# S5 Programm umschreiben.



## kolbendosierer (2 Mai 2006)

Hallo und Guten Morgen,

der Lehrling bei uns in der Firma hatt mich gefragt wie man den einen FB von Step5 in einen Baustein für S7 umwandelt. Ich habe mir hier ein paar Beiträge durchgelesen und war auch selbst der Meinung den alten als grobe Vorlage und dann den FB neu im S7-Programm erstellen.

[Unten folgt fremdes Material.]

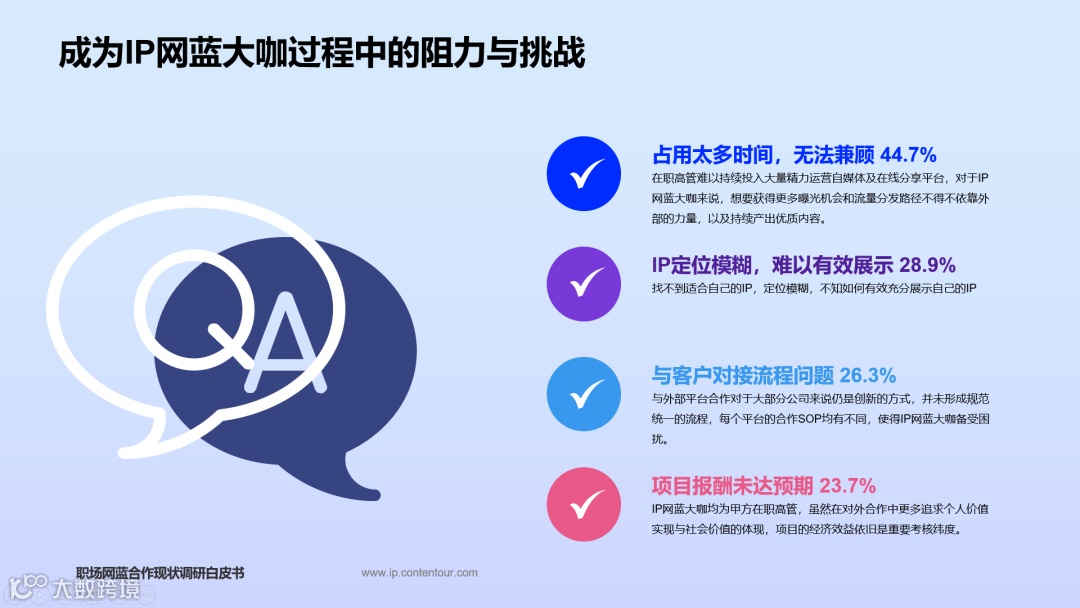 作为资深的项目顾问,Bear 沟通过数十位IP网蓝大咖,了解大咖在合作项目落地时的具体难点和疑惑, 他总结了当前个人IP运营中面临的痛点,并提出“无边界的团队合作”和“数字化”是IP合作未来方向。

So jetzt habe ich aber nur noch eine Frage.
Wenn ich nun einen neuen FB erzeuge und das Programm umtippe bräuchte ich doch jedesmal einen DB als instanz.Oder Irre ich mich da??

Hier der alte FB:


NETZWERK 1
NAME :T-KT
BEZ :TIME E/A/D/B/T/Z: T
BEZ :KT E/A/D/B/T/Z: D KM/KH/KY/KC/KF/KT/KZ/KG: KT
BEZ :SET E/A/D/B/T/Z: E BI/BY/W/D: BI
BEZ :REST E/A/D/B/T/Z: E BI/BY/W/D: BI
BEZ :RUN E/A/D/B/T/Z: A BI/BY/W/D: BI

0014 :***

NETZWERK 2
0015 :LW = KT
0016 :UN = RUN
0017 :SPB = M001
0018 :LC = TIME
0019 M001 :U = SET
001A :SE = TIME
001B :S = RUN
001C :O = TIME
001D :ON = REST
001E :RB = RUN
:***

Hier der neue:

Schnittstelle IN

Set / bool
Reset / bool
Zeit / Timer
KT / S5Time

Schnittstelle OUT

Run / bool


L #KT
UN #Run
SPB m001
LC #Zeit
m001: U #Set
SE #Zeit
S #Run
O #Zeit
ON #Reset
R #Run

Wenn ich diesen FB nun aufrufe wird eben auch ein DB verlangt.

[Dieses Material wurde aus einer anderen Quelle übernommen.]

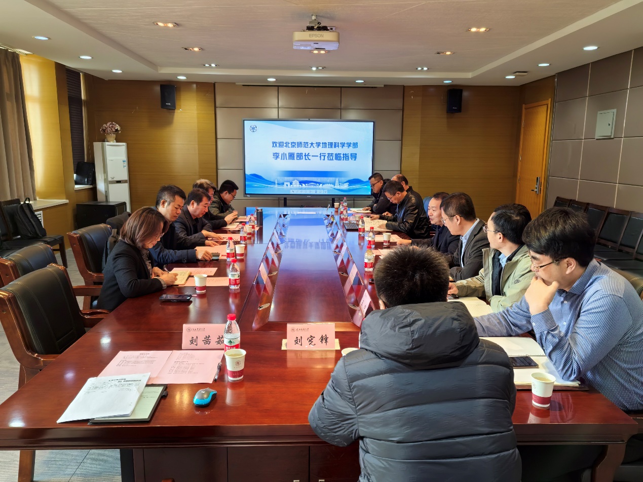 王云博书记主持会议,对李小雁部长一行的到来表示热烈欢迎。李君轶院长介绍了地理科学与旅游学院的基本情况、人才培养概况、科学研究进展及目前存在的问题,针对人才队伍培养、野外台站建设、重大项目培育等方面列举了学院下一步工作举措,希望在多方面得到北师大地理博彩网址 的支持。

Wäre net ob mir jemand sagen kann ob das richtig ist. Unser Lehrling hat bald Prüfungen, ich denke sowas kommt nicht dran aber ich will ihm auch keinen Mist erzählen.

Ich bedanke mich im voraus

Robert


----------



## MSB (2 Mai 2006)

Bei einem FB unter Step7 braucht man grundsätzlich eine Instanz, das ist richtig.

Allerdings würde oben genannter FB unter Step7 auch als FC funktionieren.
Für diesen braucht man dann keine Instanz mehr.

Mfg


----------



## Ralle (2 Mai 2006)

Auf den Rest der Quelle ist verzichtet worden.